• EXERCISE AIM:
Return the material below exactly, but only from the line with "贝达喹啉治疗组的痰培养转阴中位时间为 83 天,安慰剂组为" through the line with "какого-то жуткого ночного", and without its pictures.

• DATA FOR ANALYSIS:

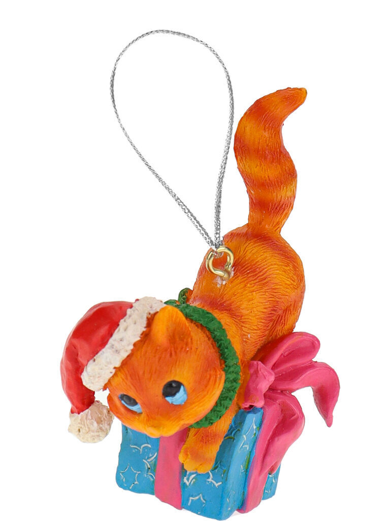 Подвесное украшение 7см "Котик с подарком" из полирезины
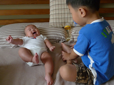 看看蘇老爹餵奶不忘上網, 而且沒有手還有靈活的雙腳...
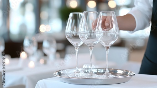 Waiter carrying wine glasses on a tray
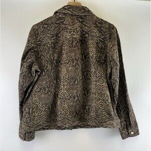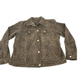 Chaps Snakeskin Python Denim Jacket Brown Button Stretch Flap Pockets Womens 1X
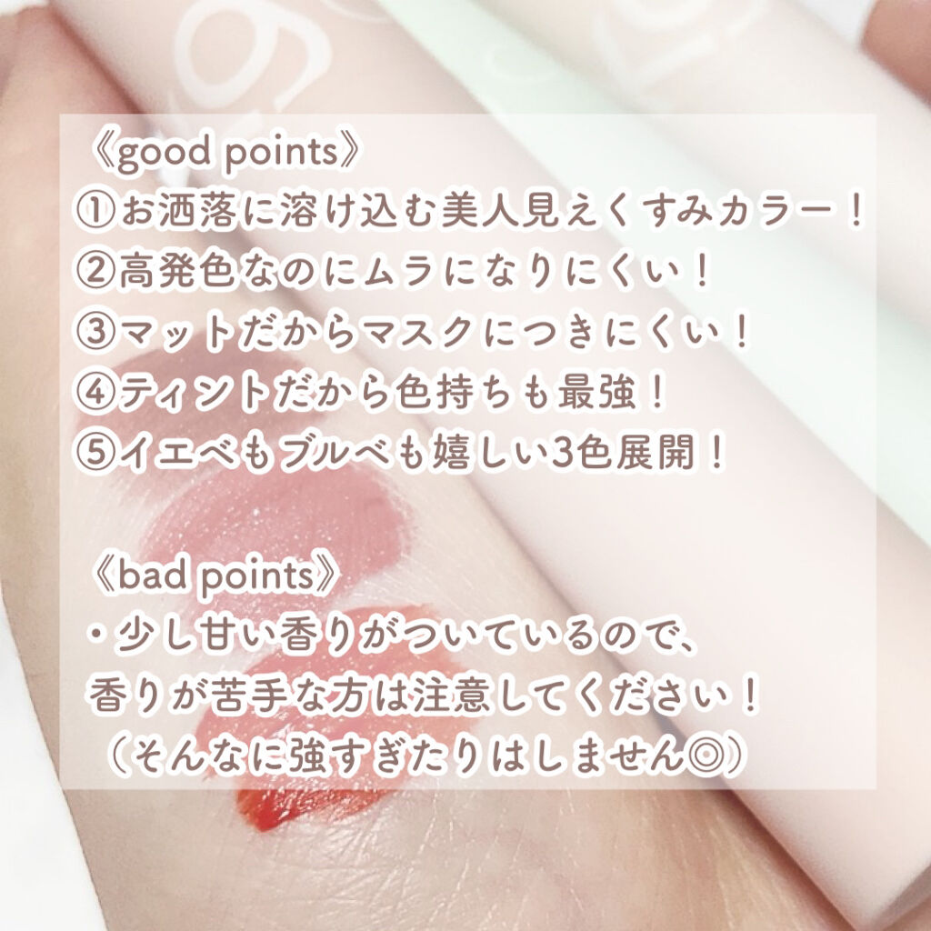| 口紅・グロス・リップライナーランキング第45位 | ぷるんと つやっとしたティントになるのでまさに水彩画のような透け感のある発色 | 詳細を見る | |
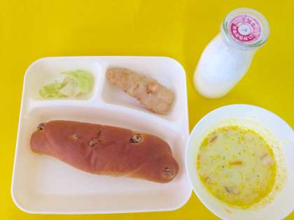 【サーモンフライ、豆乳コーンスープ、キャベツのソテー、レーズンパン、牛乳】
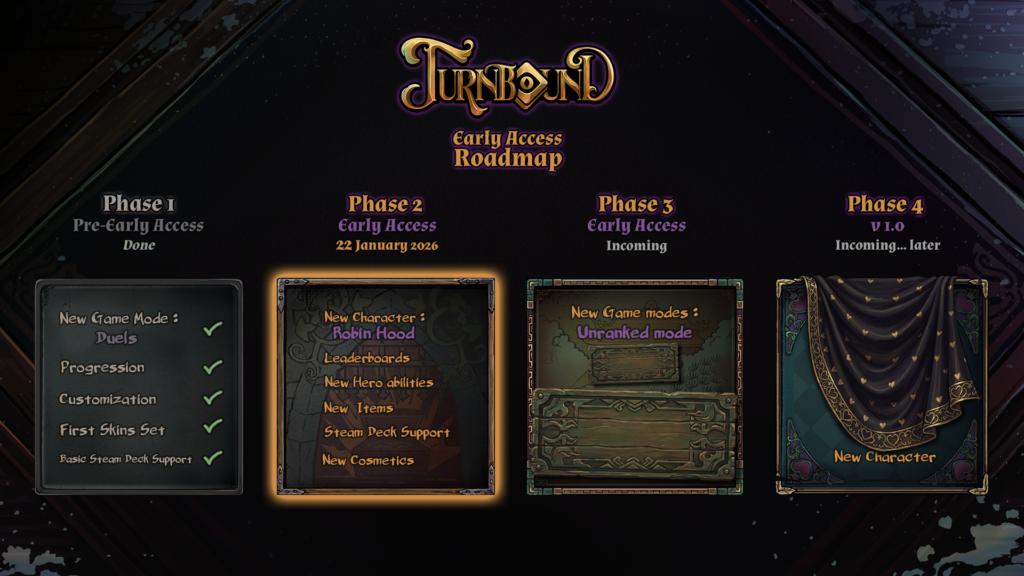 Tras meses de pruebas públicas a través de su demo y el lanzamiento del modo Duelos, el acceso anticipado supone un gran paso adelante para Turnbound. Esta versión introduce la capa competitiva del juego, un nuevo héroe jugable, sistemas ampliados y las bases de un desarrollo a largo plazo construido junto a la comunidad.
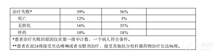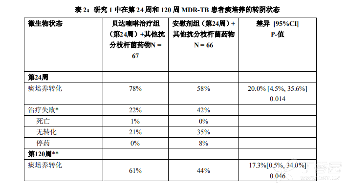 贝达喹啉治疗组的痰培养转阴中位时间为 83 天,安慰剂组为 125 天。表 2 显示的是第 24 周和 120 周时痰培养转化的患者的比例。
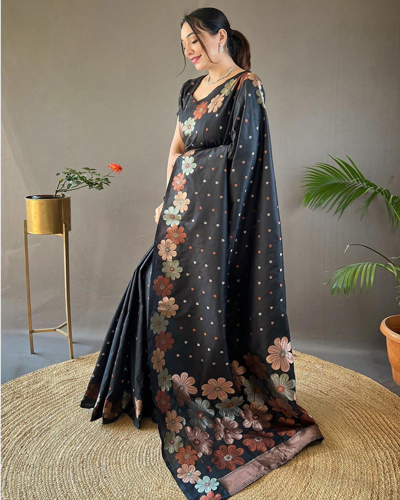 Jacquard Design Black color Soft Lichi Silk Saree
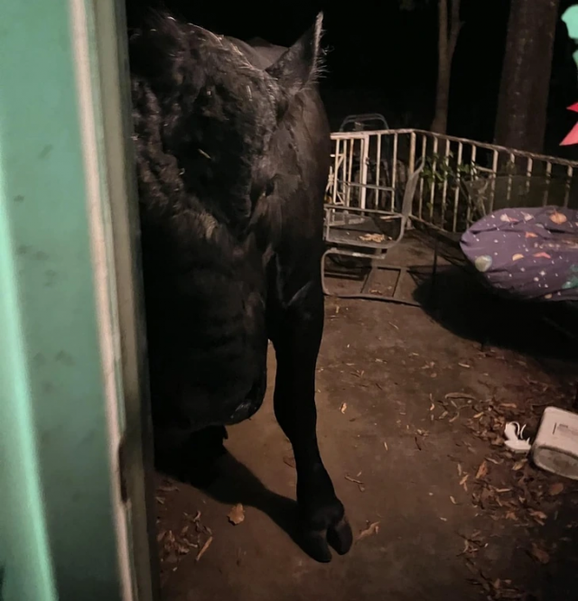«Визит какого-то жуткого ночного существа. На самом деле, это корова»
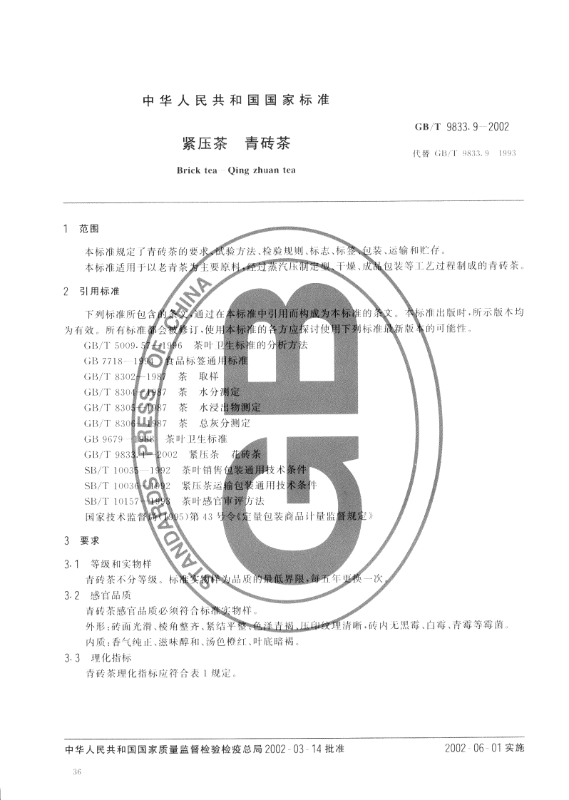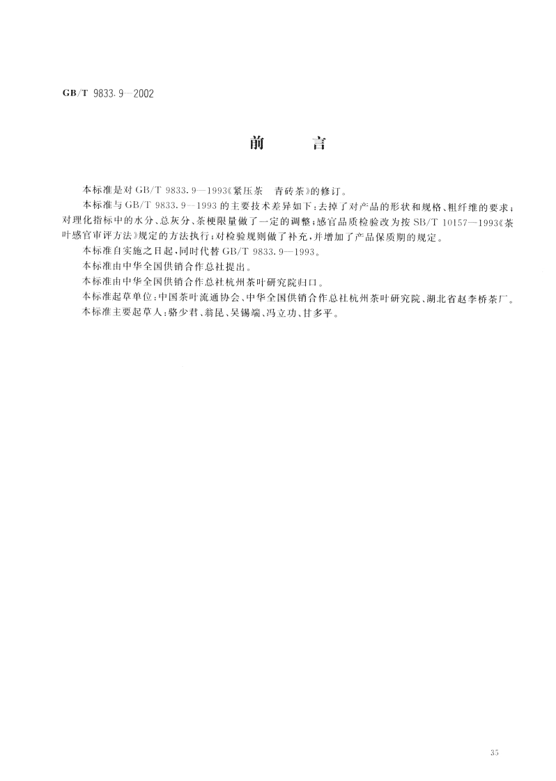中华人民共和国强制性标准规范GB_T9833.9-2002紧压茶青砖茶(新版现行)348072@abc1个月前发布关注私信0.64MB5页035中华人民共和国强制性标准规范GB_T9833.9-2002紧压茶青砖茶(新版现行)此内容为付费资源,请付费后查看¥23¥32黄金会员免费钻石会员免费立即购买您当前未登录!建议登陆后购买,可保存购买订单付费资源 第1页 / 共5页 第2页 / 共5页 第3页 / 共5页 第4页 / 共5页 试读已结束,还剩1页,您可下载完整版后进行离线阅读 THE END农学类标准规范餐饮美食 喜欢就支持一下吧收藏
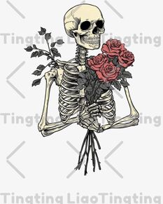 Skull holding roses 2
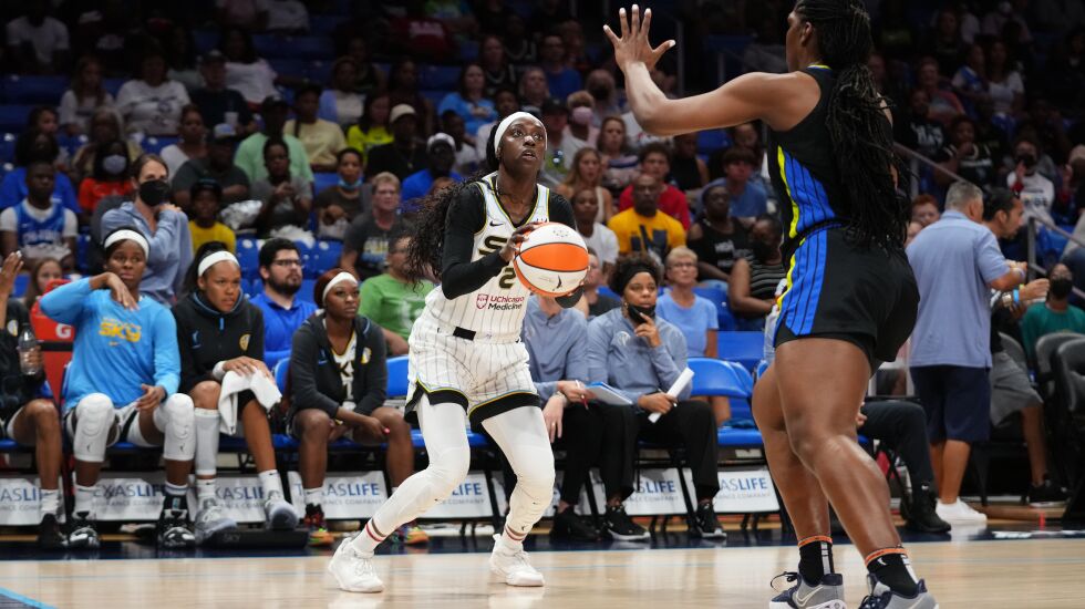 The Sky had a difficult time defending the Wings from beyond the arc and sent them to the free-throw line 27 times. Guard Marina Mabrey went 3-for-5 from deep and led the Wings with 22 points. Arike Ogunbowale added 15 points, and Allisha Gray had 14.
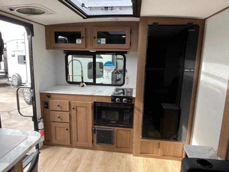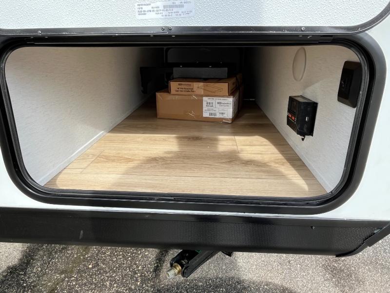 As you step inside, you’re welcomed by a spacious rear kitchen that spans the full width of the trailer, making meal prep both convenient and enjoyable. The kitchen is equipped with a stainless-steel sink featuring a flush mount cover for added counter space, a 2-burner cooktop, an air fryer microwave, and a 10 cu. ft. refrigerator, perfect for storing all your groceries. A pantry adds even more storage for dry goods and kitchen essentials. Just in front of the kitchen, a Bar-V counter with chairs offers a great spot to dine, work, or relax with company. Across from the counter, a comfortable sofa slide provides a cozy lounging area and can also convert into an extra sleeping space when needed. Moving forward, the walk-through bathroom features a shower, a skylight for natural light, and a foot flush toilet for added convenience. At the front of the trailer, the private bedroom includes a queen bed flanked by wardrobes on each side, offering both comfort and practical storage for all your essentials.
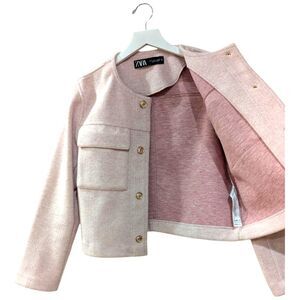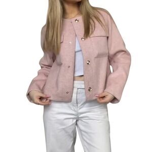 Zara Stockholm Spring Jacket Women's S Soft Pink & Gold Buttons
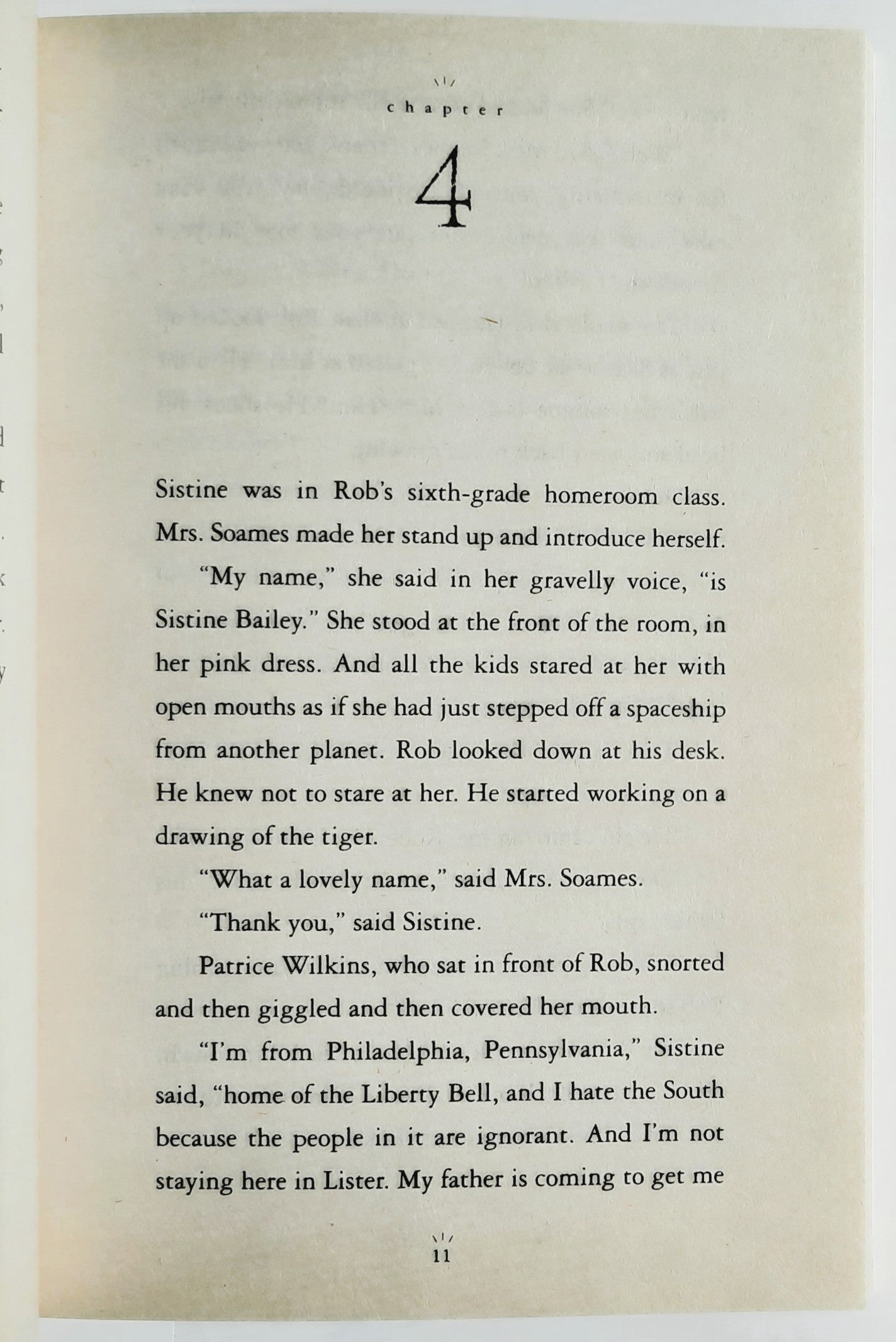 Walking through the misty Florida woods one morning, twelve-year-old Rob Horton is stunned to encounter a tiger—a real-life, very large tiger—pacing back and forth in a cage. What’s more, on the same extraordinary day, he meets Sistine Bailey, a girl who shows her feelings as readily as Rob hides his. As they learn to trust each other, and ultimately, to be friends, Rob and Sistine prove that some things—like memories, and heartache, and tigers—can’t be locked up forever. Featuring a cover illustration by Stephen Walton.

• SOLUTION FOR THIS PROBLEM:
 贝达喹啉治疗组的痰培养转阴中位时间为 83 天,安慰剂组为 125 天。表 2 显示的是第 24 周和 120 周时痰培养转化的患者的比例。
 Jacquard Design Black color Soft Lichi Silk Saree
«Визит какого-то жуткого ночного существа. На самом деле, это корова»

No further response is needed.